Журковский представил себе это «с глазу на глаз» и поморщился. Если честно, то, конечно, не хотелось бы…
Анатолий Карлович лег спать, промучился до рассвета, ворочаясь с боку на бок, и в конце концов заснул, утомленный жуткими картинами, которые рисовало его воображение.

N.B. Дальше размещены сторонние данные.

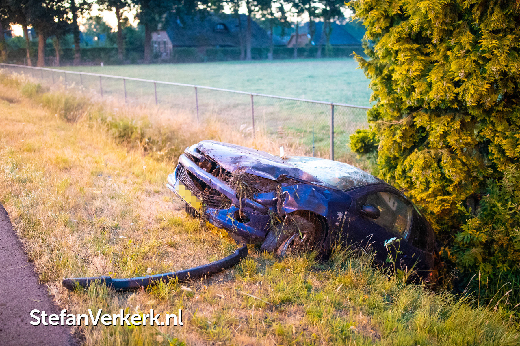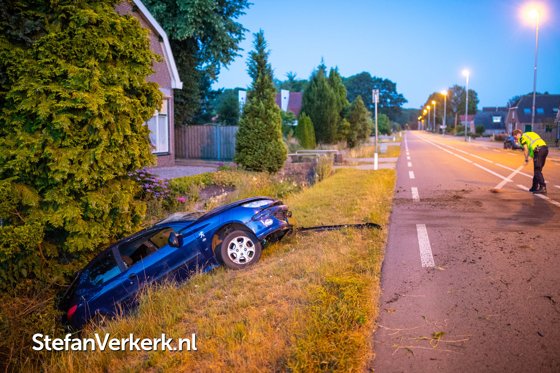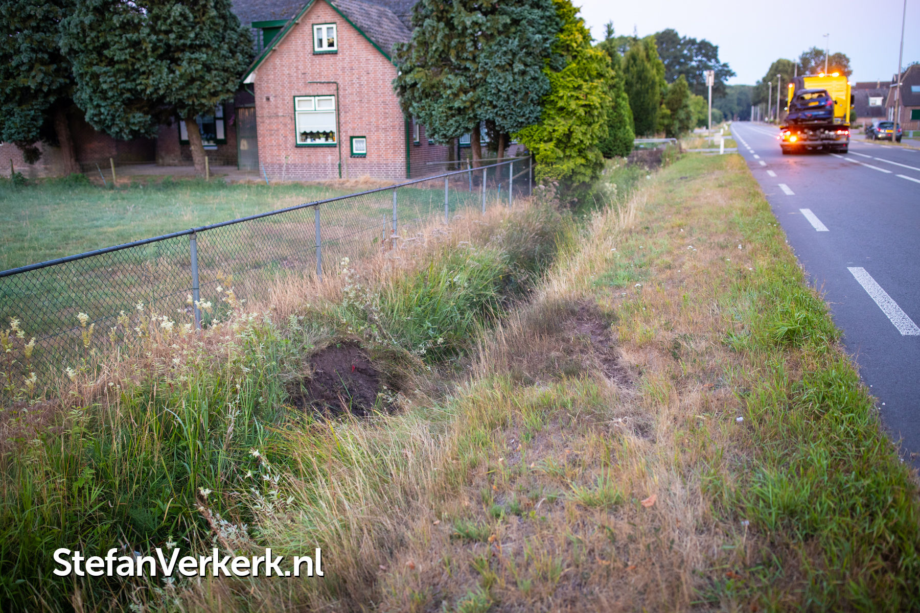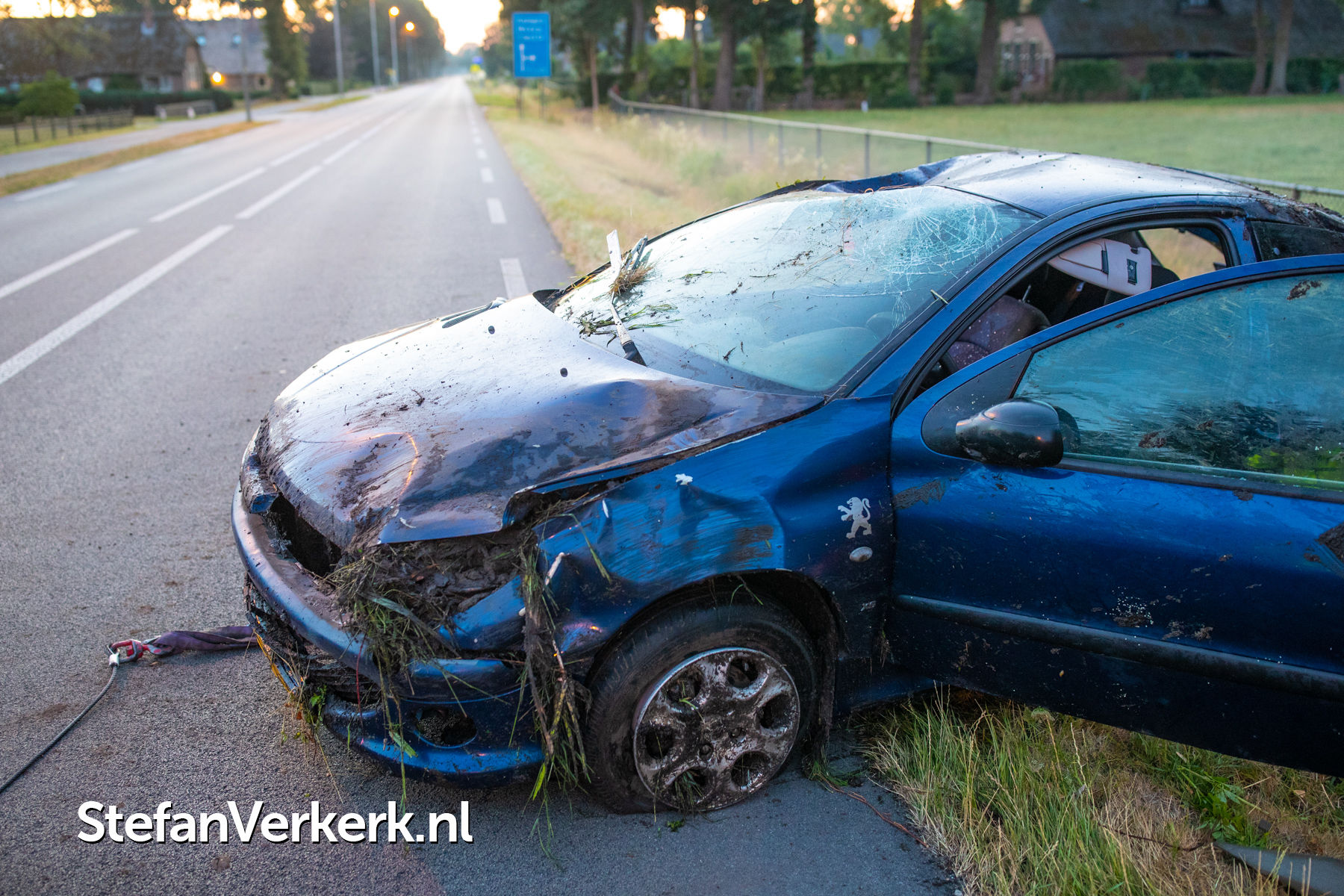 Foto's: Ongeval eenzijdig auto over de kop in de greppel Zuiderzeestraatweg Oldebroek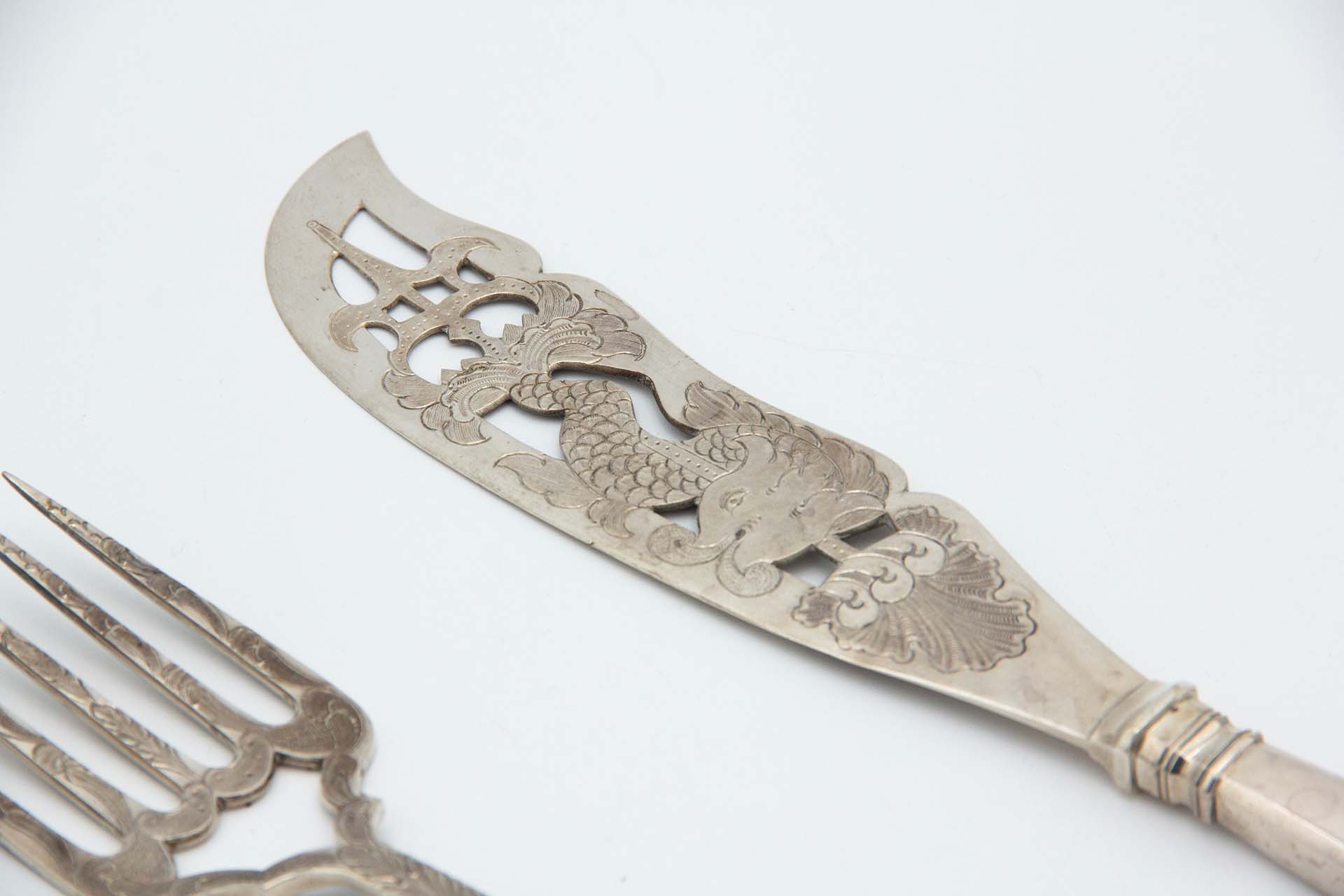 • Descrição: Faca e garfo para serviço de peixe em prata com recortes e gravados cinzelados e cabos relevados.

Утром Журковский, как всегда, отправился в Институт. Затем поехал в штаб Греча, оттуда — в педагогическое училище с лекцией, потом вернулся в Штаб для утверждения текстов новых листовок, еще успел заскочить в офис Суханова и взять материалы для новой энциклопедии, — время летело незаметно, и когда Анатолий Карлович оказался дома и взглянул на телефон, он вдруг понял, что весь день совершенно не думал о своих виртуальных неприятностях.
В обычном режиме прошел и следующий день — если, конечно, бешеную гонку, в которую теперь превратилась жизнь Журковского, можно было назвать «режимом». Затем еще один, и еще…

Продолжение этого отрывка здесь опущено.